The concept that the dams are "paid for" and therefore we should pay less for thir power is rubbish and applies to no other industry.
Rent a renovated old house vs a new house - get any difference in rent? - no.
Buy a car produced from a factory built in the 70s vs a facotry built yesterday - get any difference in the price of the car? - no
Buy a coke (IP and brand developed 100 years ago) - should coke now be cheap? - No
Buy food from a famr thats been farming for 100 years, surely the farm is paid for now? The food should be cheap!!! - No
We pay the market price. If you think there is so much money to be made in power then buy or build your own power company
Scarfie - while it is correct that hydro has very little marginal running cost relative to traditional thermal (gas) power, the upfront capital investment is tremendously larger. Therefore even though it has a marginal cost advantage prices will still need to be high (ie, the dreaded super profit) to earn a similar return on investment. It's a bizarre concept - a power source that has free raw in ingredient (water) compared to a thermal power plant that has to pay for its raw ingredient (gas). The difference is in the upfront capital expenditure and the net result can still be an equivalent return on investment.

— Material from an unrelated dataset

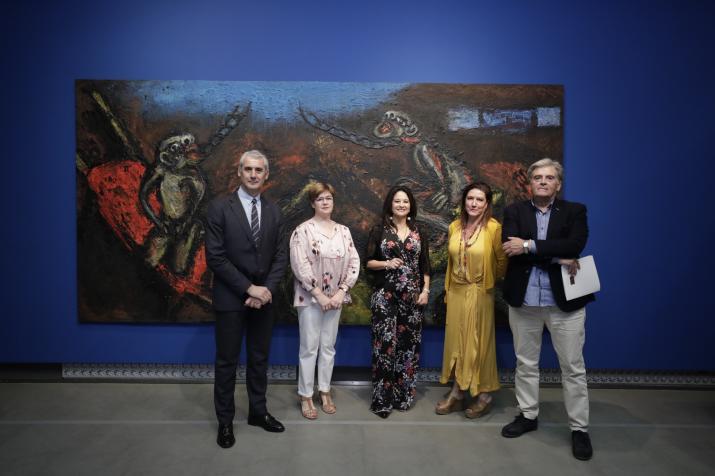 “Víctor Mira. En torno a Goya, el quinto perro y los disparates”, ha sido presentada esta mañana por Juan Carlos Sánchez, director de la Obra Social de Fundación Ibercaja; Magdalena Lasala, coordinadora general de la exposición y jefe del Programa de Educación y Cultura de la Obra Social de Fundación Ibercaja; Pepe Navarro, director del legado Víctor Mira; Lola Durán, comisaria de la exposición, y Rosario Añaños, directora del Museo Goya.
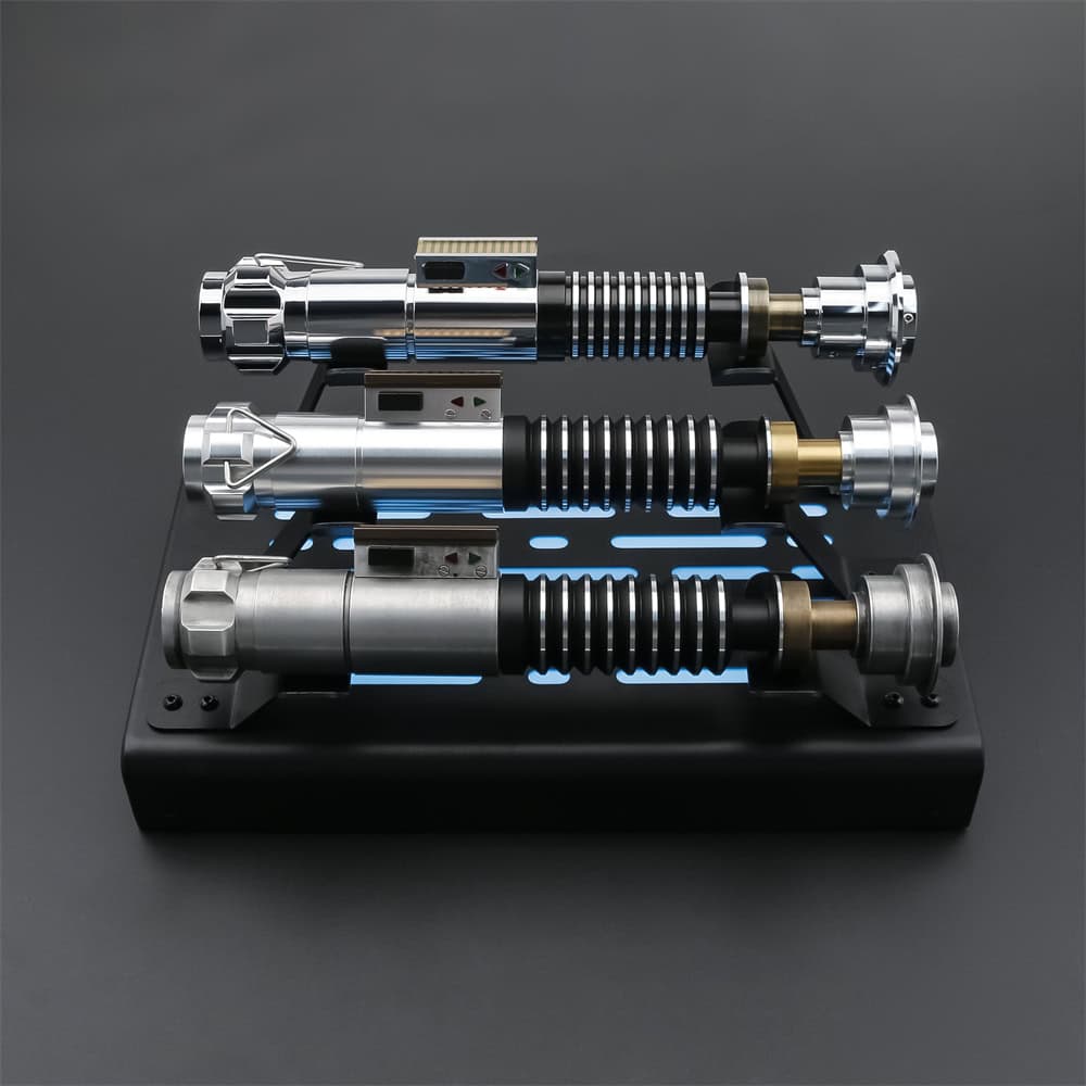 The stand runs on a built-in rechargeable battery, eliminating the hassle of frequent replacements and giving you a cleaner setup without external cables. With precision-welded arms designed to cradle your lightsaber hilts gently but securely, it accommodates most hilt sizes across various brands. Whether you’re displaying legacy replicas or fan-favorite originals, this stand brings out their brilliance with both stability and illumination.

Except its already been paid for by previous tax payers, hence really its producing for 3 or 4 cents a kwh, the capital costs we met via taxes.
Now the marginal cost is where it bites, new plant does indeed need capital and has to be paid for, but multiplying the value of the old assets to derive a "fair return" is ludricious.
On top of that treating a Govn sanctioned monopoly as the same as a business when we have to and require resiliance for our economy and society is silly.
No one for instance requires the police to make a profit, they are essential, so to are utilities.
Somewhere in between is something sensible and fair.
regards
TraderX. You believe in the idea of a 'return' on the what was spent building these dams like it was a feature of nature, fixed and immutable. Can you actually explain why that is.
Buy yourself a new car. Who do you pay the required return to every time you use it.
By suggesting a hedging market, Gareth alludes to the main problem with the current system, without fully explaining it in my view and as I understand how the "market" works.
The current generators/ retailers maximise profits and importantly, minimise risks, by having their retail market share be more or less equivalent to their generating share.
For arguments sake a generator's fully loaded average variable cost per kwh might be say 10c, spiking a little up or down if they have to use more fossil fuels vs renewables. The retail price might be 20c. If their market shares for both generating and retail are very similar, they actually don't care about the wholesale price, as that will be paying from one pocket into the other. If however they are short of generating relative to retail, they are exposed to the wholesale price rocketing up to say $1 a kwh in cold, water short times. They could lose all their gross margin for a quarter or even a year very quickly.
Conversely if they have surplus generating capacity relative to retail, they are exposed to the wholesale price dropping to 5c in a warm wet winter, so taking them below cost.
Either scenario is also vulnerable to aggressive predatory pricing, (which the hydro companies in particular are well placed to do), so a retail only or generating only entrant would be especially vulnerable if they grabbed more than a token market share.
So the current market, even with a lot of switching, is really not all that competitive, as each main company will want, and only want, their market share. For each switcher they lose, they'll make sure they get one back.
A hedging market would solve this up to a point. I'm not sure it couldn't be gamed by the big guys, nor that a new entrant in one end of the supply or the other wouldn't still be vulnerable to a moderate real move undercutting against their hedged price, and leaving them still well out on a limb.
The idea is nevertheless worth some exploring. Failing that I struggle to see a successful market without a degree of centralised direction or control. It didn't really matter when the winners were all citizens and taxpayers; but now it does matter.